31 October 2012

South Sudan: Thousands of South Sudanese Are Locked in U.S. Prisons

Juba — Over 3,000 South Sudanese are jailed in various US prisons across the country for allegedly breaking the laws of their new host country, reveals media official in the office of the Vice President.

Vice President's Press Secretary, James Gatdet Dak, told the Sudan Tribune that the recent visit of the Vice President, Riek Machar, to the United States of America had revealed the grave situation facing the citizens of the young nation abroad.

There are hundreds of thousands of South Sudanese citizens, some of whom have acquired dual US citizenship, and are residing in different states across the US. Some went as big families since early 1990s while others remain singles particularly those who later went as "lost boys" and girls.

Some are economically well off or have excelled in US higher learning institutions while others have become homeless and drug addicts.

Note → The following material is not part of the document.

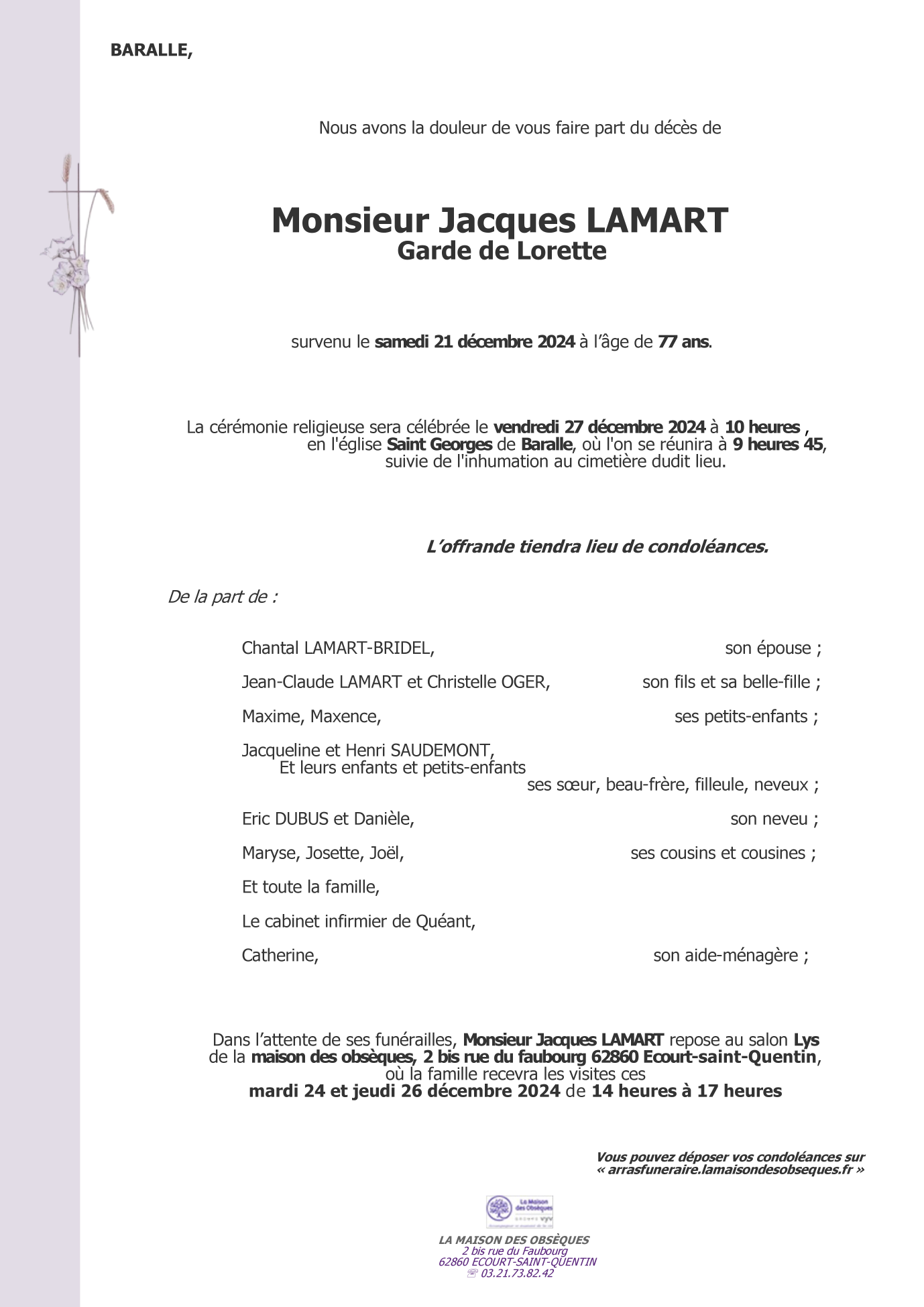Cet espace « condoléances » est dédié à la mémoire de Monsieur Jacques LAMART.
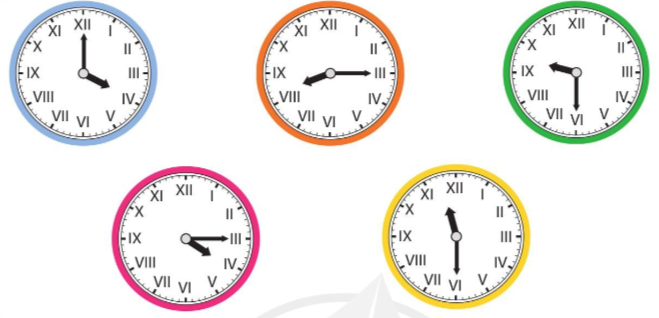Dựa vào cách đọc các chữu số La Mã, em xác định thời gian trên mỗi đồng hồ.

Gatdet said during Machar's visit to a number of states with higher South Sudanese populations he was briefed on the situation by the community leaders as well as by the South Sudanese officials representing the new nation in Washington DC.

He said there are also requests for deportation of at least 4 South Sudanese every week, which the officials have to every time handle with the US government.

Following the gravity of the situation Machar directed the South Sudan embassy in the US to establish a special desk for the Diasporas so that their issues could be addressed effectively.

The Vice President, he added, also called on the South Sudanese in the US to be law abiding and focus on issues that will promote their welfare while in the US and contribute to the development of the new country.

He also met with the authorities in the states he had visited including in Omaha, Nebraska, which is one of the states with the highest South Sudanese populations. Machar had cordial meeting with the city mayor, Jim Suttle, who gave him the key to the city as a symbol of friendly relations with South Sudanese.

Gatdet further added that while in the US the Vice President met with US investors who expressed interest to invest in various sectors in South Sudan.

He said the Vice President on his return from the US expressed that there were signs of changing investment climate in the US toward South Sudan, saying the investors were keen to invest in railway lines, agriculture, oil pipelines and refineries, among many others.